• Input data:
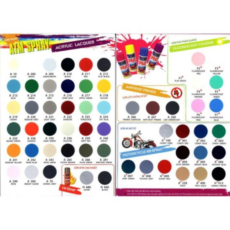 📌Nếu có màu nào không có trong bảng màu. Quý khách nhắn tin với shop nhéSƠN PHUN ACRYLIC ATM®
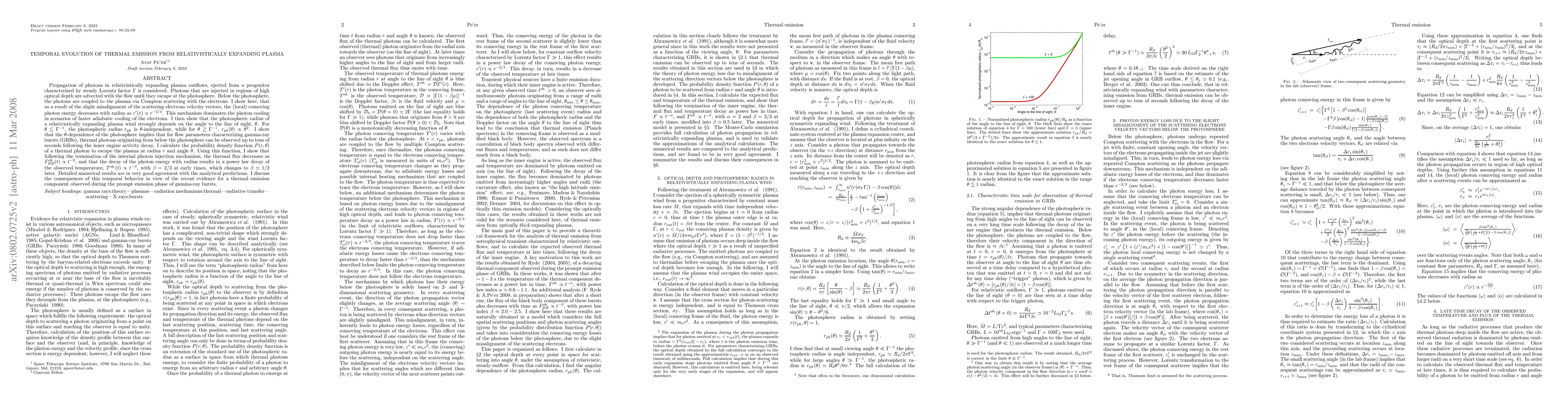 This paper investigates the temporal evolution of thermal emission from relativistically expanding plasma, showing that photon cooling is dominated by the misalignment of scattering electrons. It demonstrates that the photosphere's radius depends on the angle to the line of sight, leading to observable thermal photons from below the photosphere for several seconds post-activity. The study concludes with analytical predictions showing a thermal flux decay and observed temperature behavior that align well with numerical results.
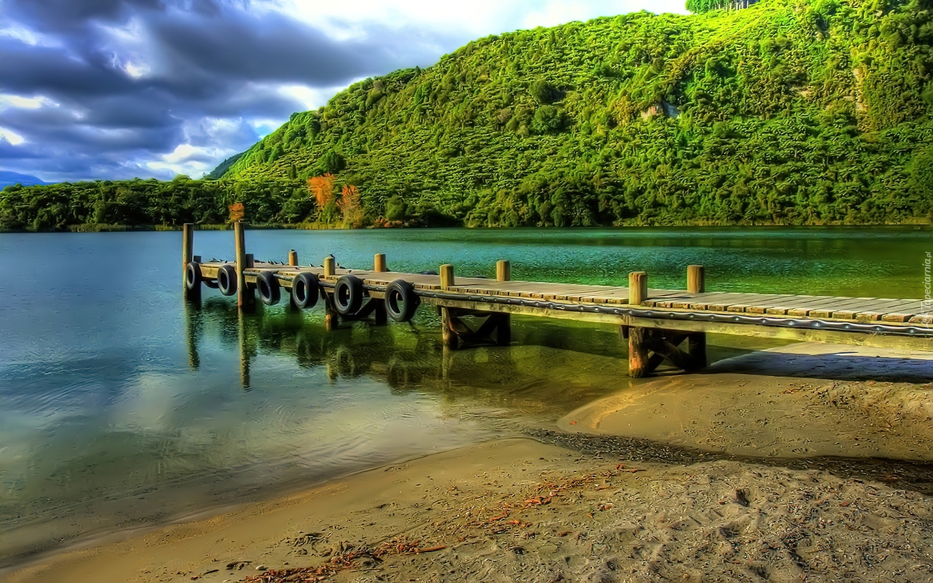 Edytor tapety: Jezioro, Pomost, Wzgórza, Piasek

• To do: Output the line containing "This paper investigates" along with every line after it to the end of the material, exactly as written, but without pictures.

• Result of this exercise:
 This paper investigates the temporal evolution of thermal emission from relativistically expanding plasma, showing that photon cooling is dominated by the misalignment of scattering electrons. It demonstrates that the photosphere's radius depends on the angle to the line of sight, leading to observable thermal photons from below the photosphere for several seconds post-activity. The study concludes with analytical predictions showing a thermal flux decay and observed temperature behavior that align well with numerical results.
 Edytor tapety: Jezioro, Pomost, Wzgórza, Piasek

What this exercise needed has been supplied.